Explaining the public ambivalence, Nazgul Turdubekova, director of the non-profit Children’s Rights Defenders League and a member of the Ministry of Social Development’s public oversight board, argues, “the corruption of [Kyrgyz] officials has discredited the very idea of international adoption.” Perceptions that local prospective parents were kept on never-ending waiting lists while “all paths were opened for the international agencies” fueled the public outcry that led to the original moratorium.

“An opinion has formed that [international adoption] is a big business,” Turdubekova told EurasiaNet.org.

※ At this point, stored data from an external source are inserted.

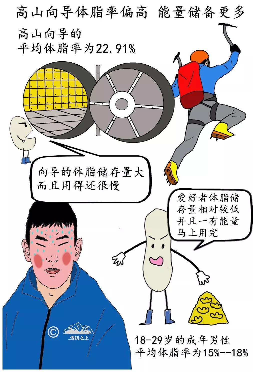 所谓存款更多,指的是身体脂肪含量更高,较高的体脂率使向导拥有强大的能量储备,能够在低温高海拔地区完成更久的攀登。
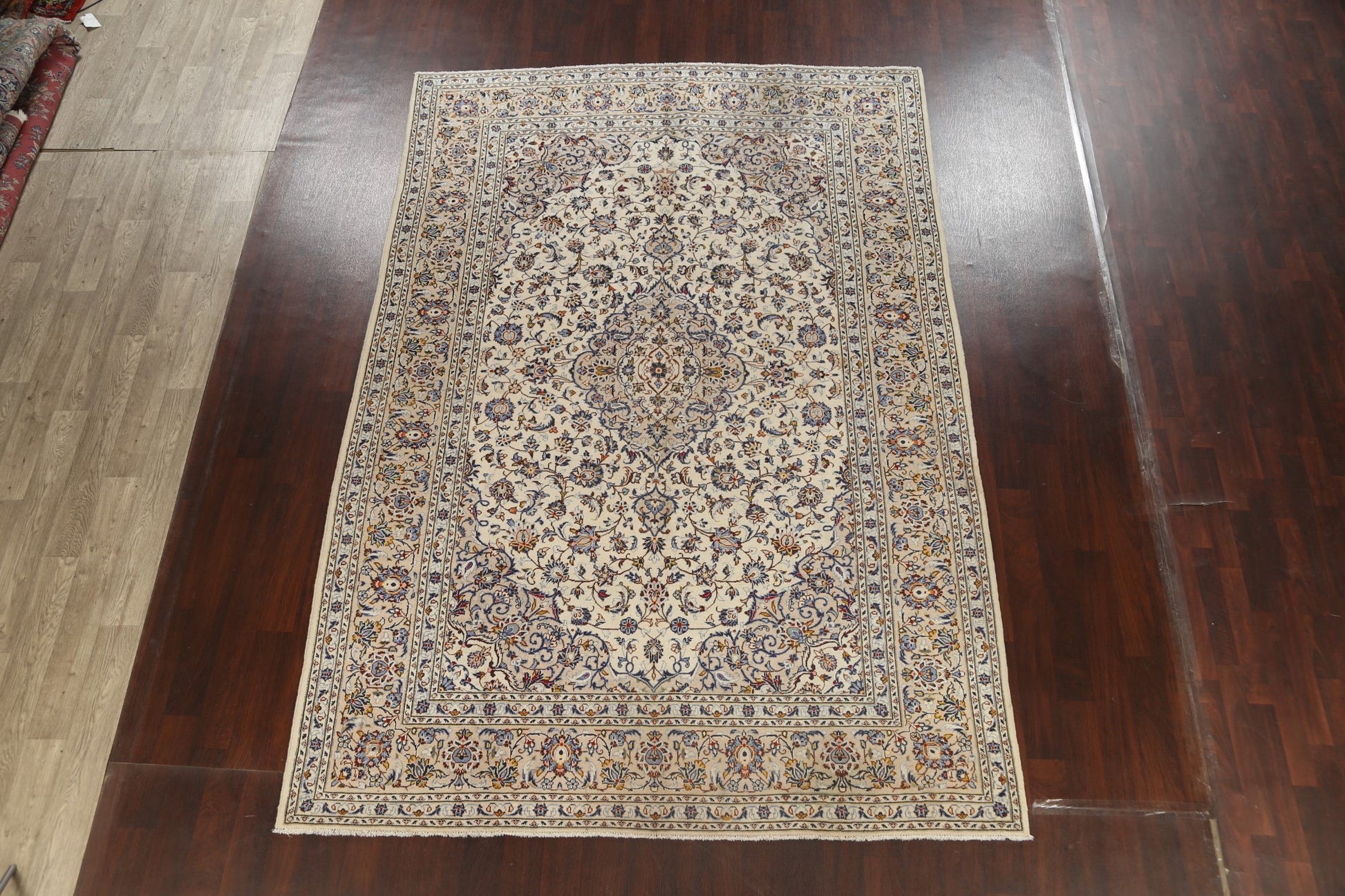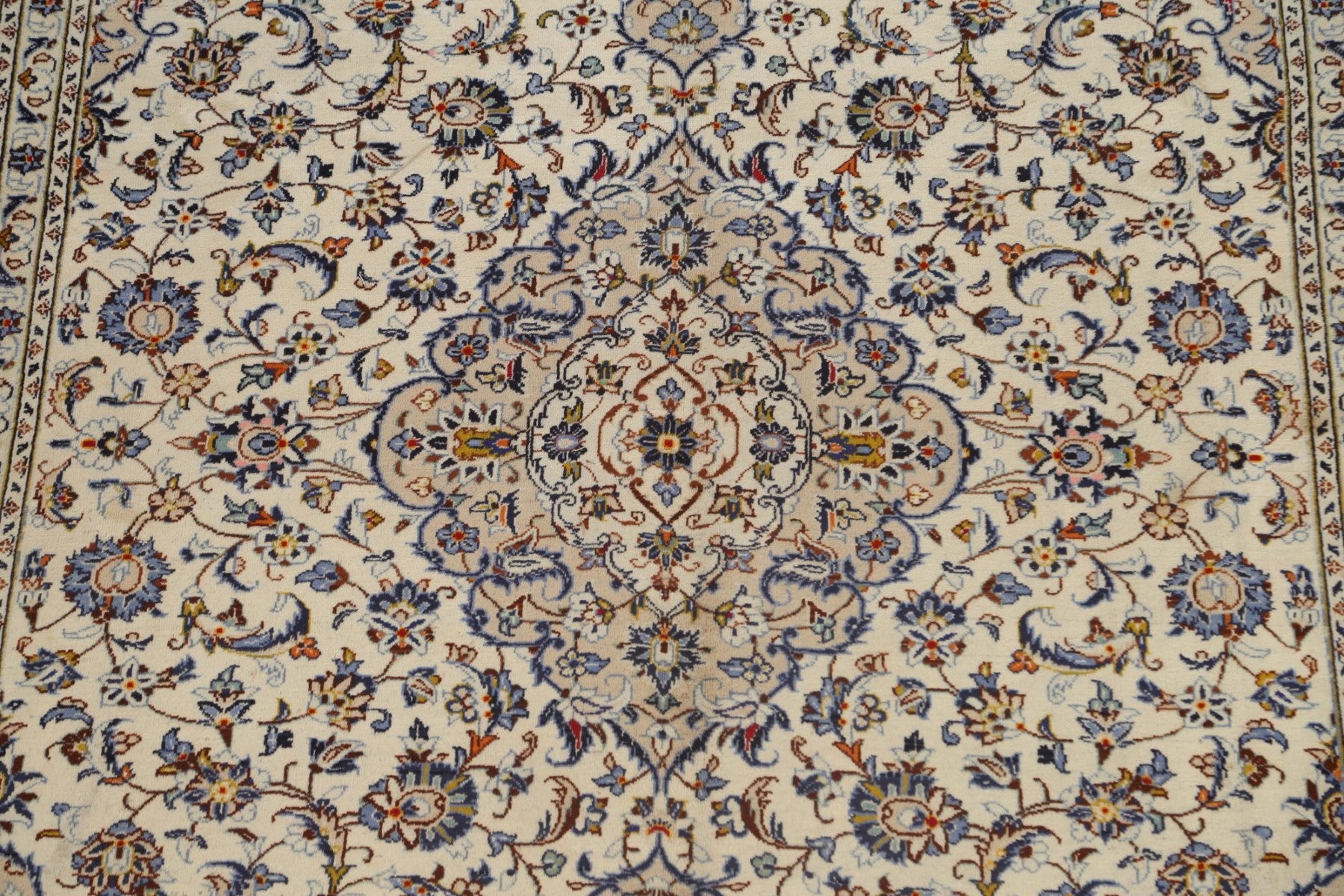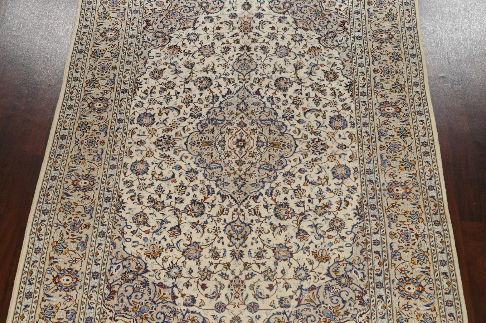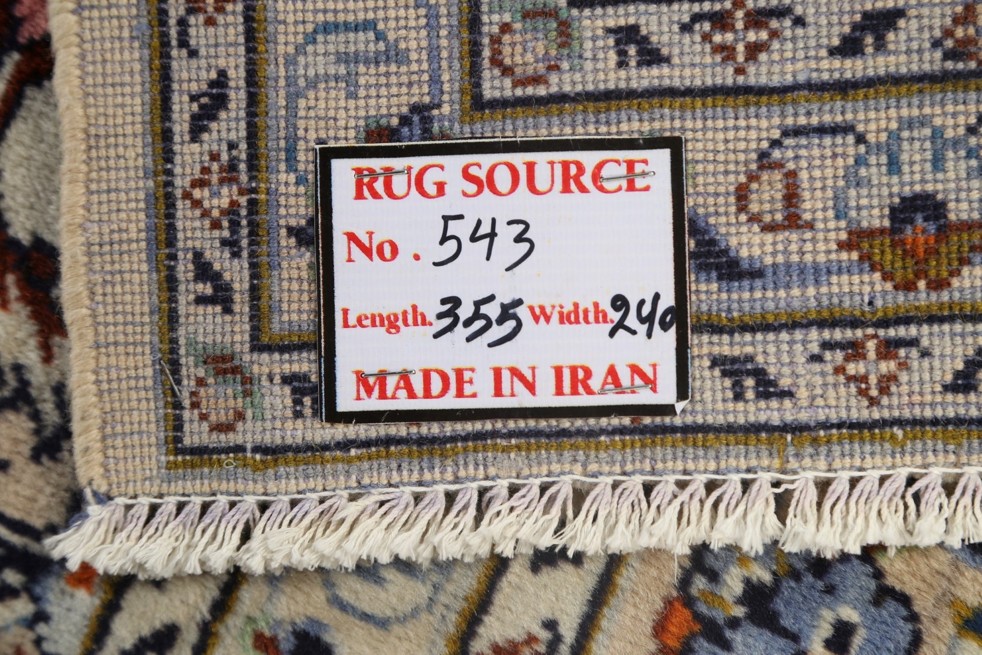 A Beautiful Genuine Persia ( Persia ) Kashan rug is Hand Knotted by skillful weavers in Persia ( Persia ) with 100% Wool Material. This rug is in Very Good ( Low Pile ) condition. dimensions are 11' 7'' X 7' 11'' in foot and 353 X 241 in centimeter. the primary color is Beige & Ivories.
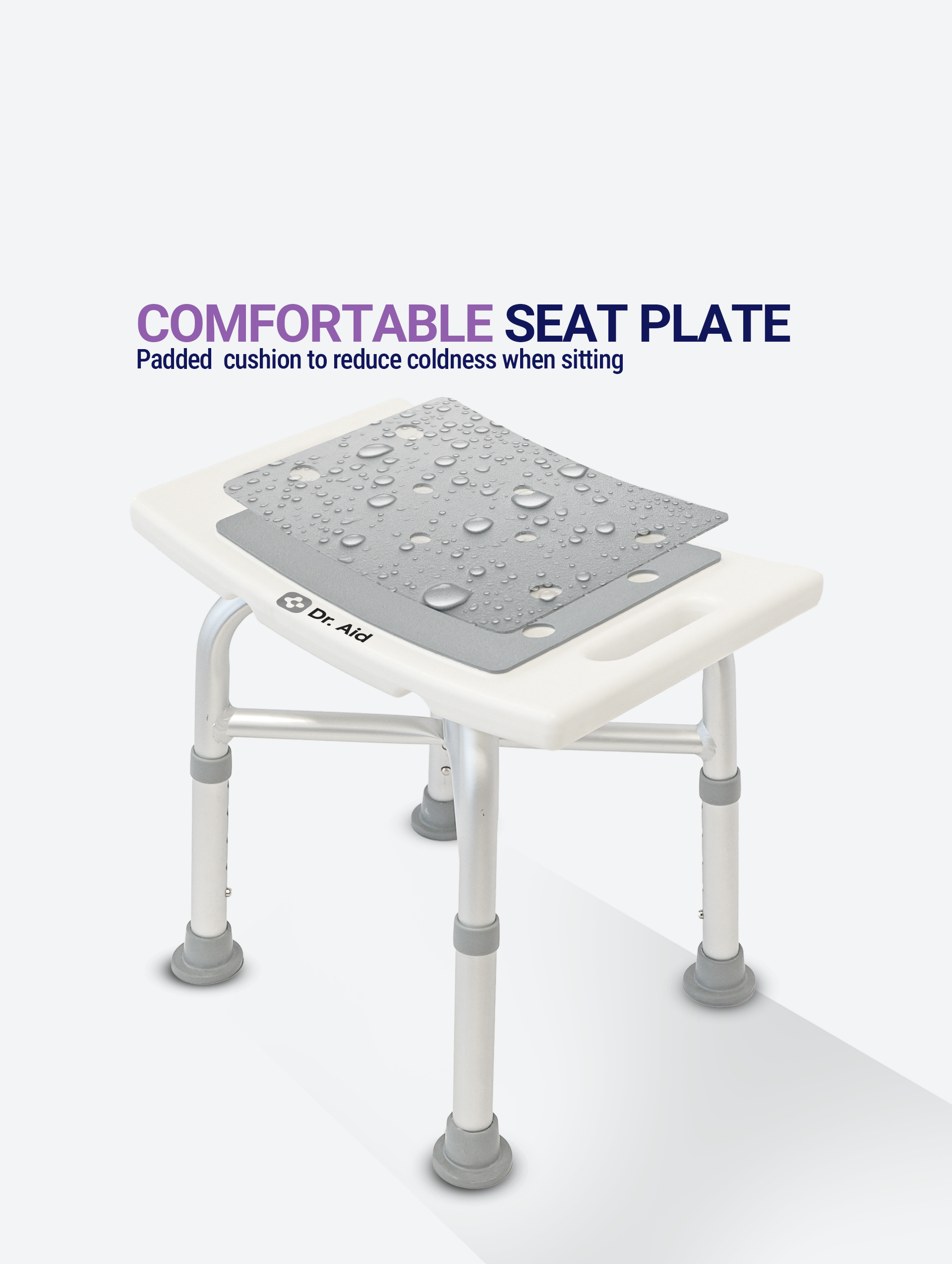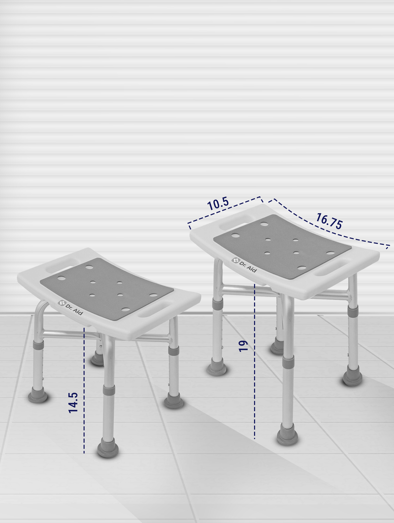 The wide, contoured seat gives you a secure, relaxing experience, while anti-slip rubber feet prevent movement on wet floors. With five adjustable height levels (14.5–19), you can tailor the seat to your comfort and shower setup. Assembly is effortless — no tools or screws required. With clearly marked parts and a simple step-by-step guide, setup takes just 3 minutes, making it ideal for at-home use or quick travel assembly. Compact but strong, the Dr. Aid Shower Stool fits perfectly in smaller showers or tubs and features a built-in carrying handle and showerhead holder for convenience. Whether you’re supporting a loved one or simply want a safer, more stable bathing experience, Dr. Aid brings confidence and comfort to every shower.

Yet legislators have provided few alternatives to the crowded children’s homes dotted around Kyrgyzstan. According to Radio Free Europe, there were 11,000 orphans and abandoned children in such institutions in May 2011, while officials from Kyrgyzstan’s Interior Ministry told the Vechernii Bishkek newspaper that 99 newborns were handed over to children’s homes in the first seven months of 2012. (Not all of these children are orphans. Many are left part-time in the homes by indigent or migrant parents unable to provide full-time care.)

Moreover, international adoptions have never been a panacea. Between 2006 – when Kyrgyzstan began accepting regular applications from international families – and 2008, only about 100 international adoptions occurred each year.

For her part, Gabrielle Shimkus refrains from criticizing either government officials or the adoption agencies, but believes she has done everything in her power to prove she is a worthy parent for Azamat. “We believe in the new family code and children's code that the ministries and parliament have worked so hard to create,” she said. “But the last moratorium cost us and our children four years of being apart. [During that time] a part of my heart has been in Kyrgyzstan.”

Editor's note: 
Chris Rickleton is a Bishkek-based journalist.